Award Abstract # 0964102
RI: Medium: Collaborative Research: Semi-Supervised Discriminative Training of Language Models

NSF Org: IIS
Division of Information & Intelligent Systems
Recipient: OREGON HEALTH & SCIENCE UNIVERSITY
Initial Amendment Date: June 9, 2010
Latest Amendment Date: March 18, 2014
Award Number: 0964102
Award Instrument: Continuing Grant
Program Manager: Tatiana Korelsky
IIS
 Division of Information & Intelligent Systems
CSE
 Directorate for Computer and Information Science and Engineering
Start Date: June 1, 2010
End Date: May 31, 2015 (Estimated)
Total Intended Award Amount: $500,000.00
Total Awarded Amount to Date: $519,050.00
Funds Obligated to Date: FY 2010 = $229,618.00
FY 2011 = $194,782.00

FY 2012 = $94,650.00
History of Investigator:
  • Alexander Kain (Principal Investigator)
    kaina@ohsu.edu
  • Brian Roark (Former Principal Investigator)
  • Izhak Shafran (Former Principal Investigator)
  • Izhak Shafran (Former Co-Principal Investigator)
  • Richard Sproat (Former Co-Principal Investigator)
Recipient Sponsored Research Office: Oregon Health & Science University
3181 SW SAM JACKSON PARK RD
PORTLAND
OR  US  97239-3011
(503)494-7784
Sponsor Congressional District: 01
Primary Place of Performance: Oregon Health & Science University
3181 SW SAM JACKSON PARK RD
PORTLAND
OR  US  97239-3011
Primary Place of Performance
Congressional District:
01
Unique Entity Identifier (UEI): NPSNT86JKN51
Parent UEI:
NSF Program(s): International Research Collab,
Robust Intelligence
Primary Program Source: 01001011DB NSF RESEARCH & RELATED ACTIVIT
01001112DB NSF RESEARCH & RELATED ACTIVIT

01001213DB NSF RESEARCH & RELATED ACTIVIT
Program Reference Code(s): 5940, 7495, 7924
Program Element Code(s): 729800, 749500
Award Agency Code: 4900
Fund Agency Code: 4900
Assistance Listing Number(s): 47.070

ABSTRACT

This project is conducting fundamental research in statistical language modeling to improve human language technologies, including automatic speech recognition (ASR) and machine translation (MT).

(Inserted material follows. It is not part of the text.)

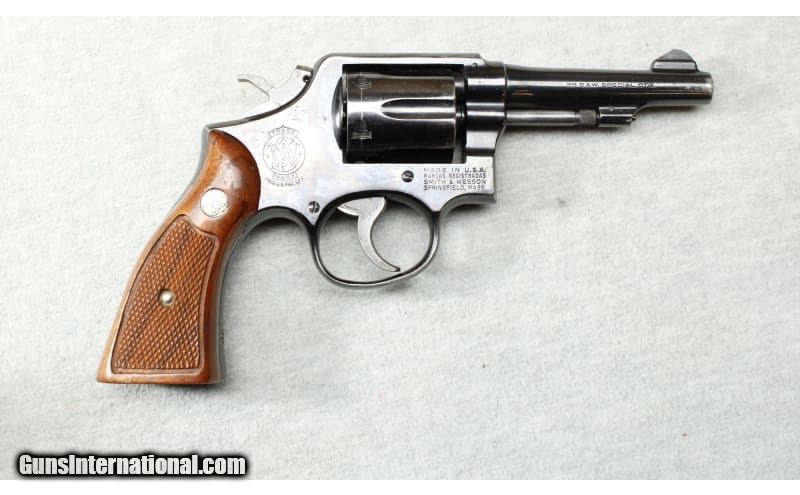Description: Smith & Wesson Model 10-5 chambered in .38 Special. This revolver has been in production since 1899. It is a six-shot, .38 Special, double-action revolver with fixed sights. It has a 4-inch regular barrel finished in a high gloss bluing. Some 6,000,000 of the type have been produced over the years, making it the most popular handgun of the 20th century. No box. .38 Special SOLD Metal Condition: Very good Wood Condition: Very good Bore Condition: Bright Barrels: 4 Inches Triggers: Factory Weight: 1 lb 8 oz Sights: Fixed Item Location: La Vista, NE |

A language model (LM) is conventionally optimized, using text in the target language, to assign high probability to well-formed sentences. This method has a fundamental shortcoming: the optimization does not explicitly target the kinds of distinctions necessary to accomplish the task at hand, such as discriminating (for ASR) between different words that are acoustically confusable or (for MT) between different target-language words that express the multiple meanings of a polysemous source-language word.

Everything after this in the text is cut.